◆ **Work to complete**: Pictures are not part of the answer. Return the lines from the one containing "et de protection." through the end of the data, both included, exactly as they appear.

◆ **Dataset content**:
************

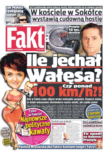 Jak szybko jechał Wałęsa; najnowsze polityczne kawały – tylko w Fakcie; w kościele w Sokółce wystawią cudowną hostię; jak Małysz został czołgistą; dziś prawdziwej maślanki już nie ma; tir spadł na kobietę - przeżyła; „Kocham tango i Tatry” – Paulina Młynarska specjalnie dla Faktu; Kora uczy się latać; Wodecki ocenia Józefowicza.
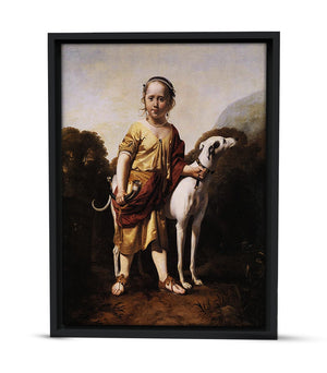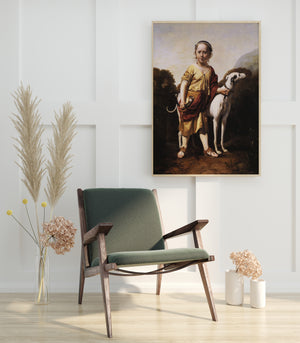 Le tableau "Le Jeune Berger et Son Fidèle Compagnon" est une représentation classique et intemporelle qui illustre la pureté et l'innocence de la jeunesse ainsi que le lien profond entre l'homme et l'animal. Le jeune garçon, vêtu d'une tunique qui rappelle les époques anciennes, tient en laisse un chien blanc, symbole de fidélité et de protection.
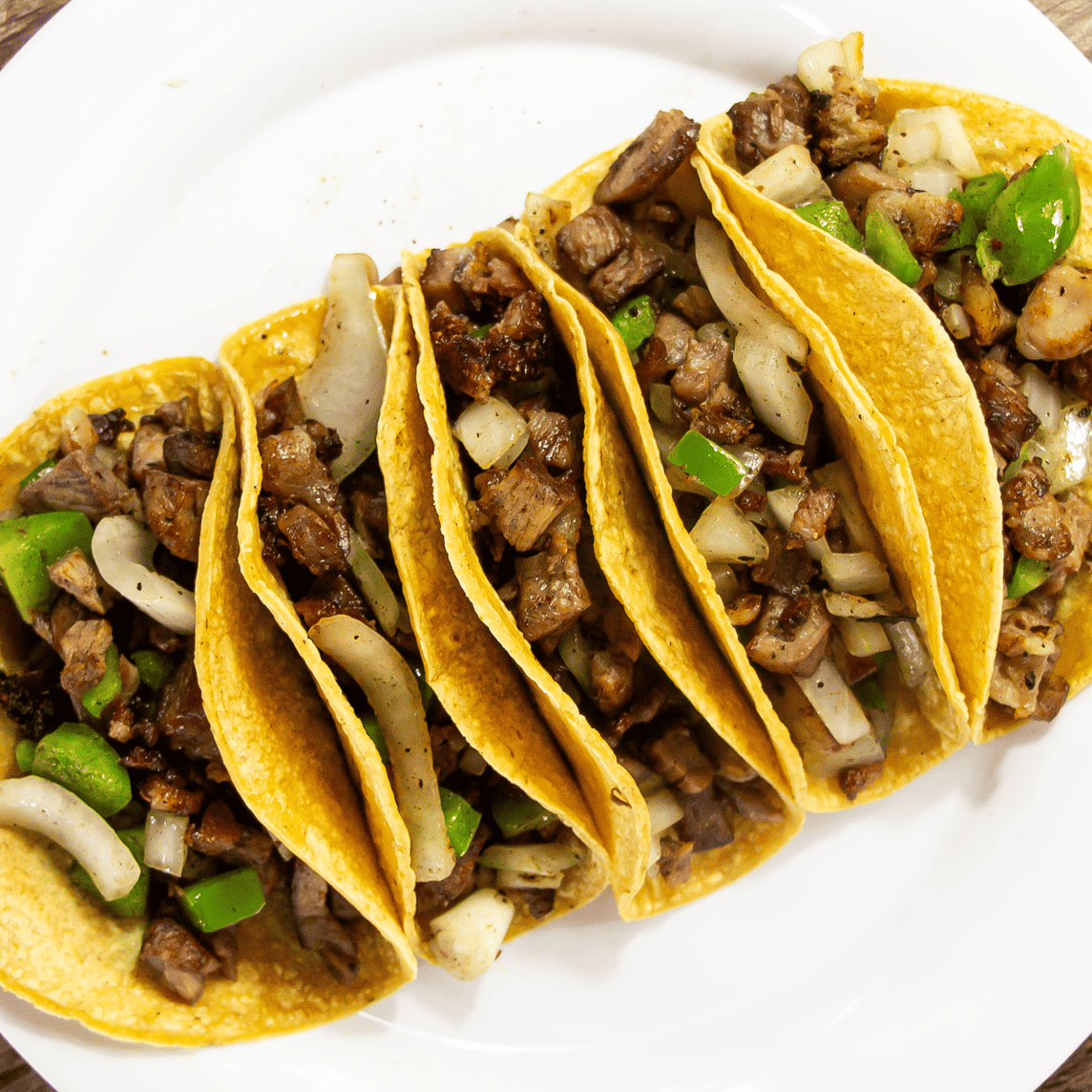 Orden de 5 tacos de res con tocino, morrón y cebolla, acompañados con cebolla asada y papitas de galeana.
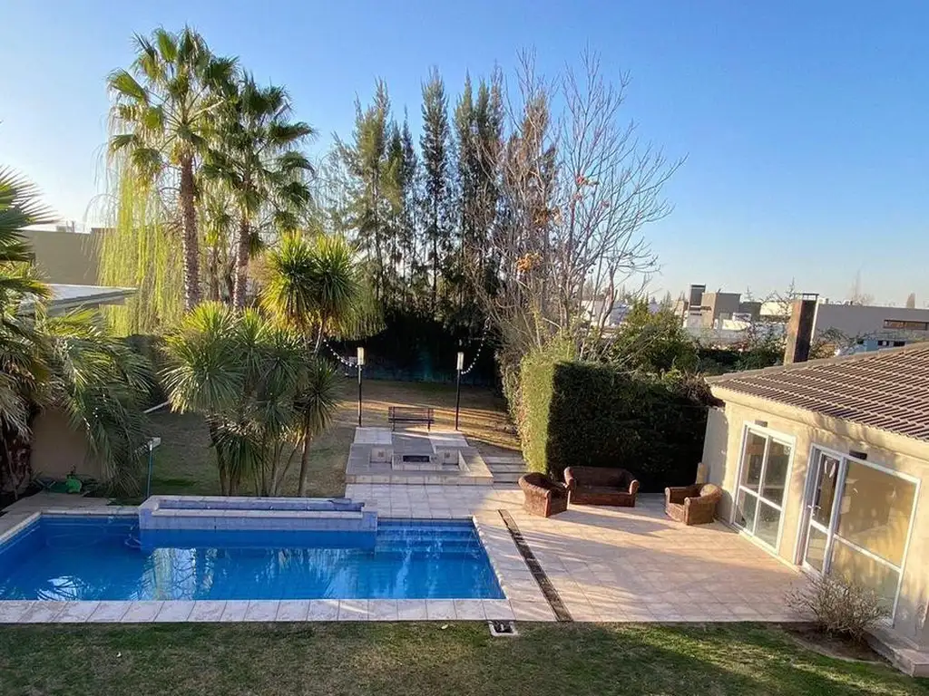 Quincho cerrado con churrasquera y ventanales con vista a la piscina de generosas dimensiones y equipo completo. Baño, depósito y lavandería independiente con acceso a patio tender. Cochera doble pasante cerrada con portón automatizado.

************

◆ **Task output**:
 Le tableau "Le Jeune Berger et Son Fidèle Compagnon" est une représentation classique et intemporelle qui illustre la pureté et l'innocence de la jeunesse ainsi que le lien profond entre l'homme et l'animal. Le jeune garçon, vêtu d'une tunique qui rappelle les époques anciennes, tient en laisse un chien blanc, symbole de fidélité et de protection.
 Orden de 5 tacos de res con tocino, morrón y cebolla, acompañados con cebolla asada y papitas de galeana.
 Quincho cerrado con churrasquera y ventanales con vista a la piscina de generosas dimensiones y equipo completo. Baño, depósito y lavandería independiente con acceso a patio tender. Cochera doble pasante cerrada con portón automatizado.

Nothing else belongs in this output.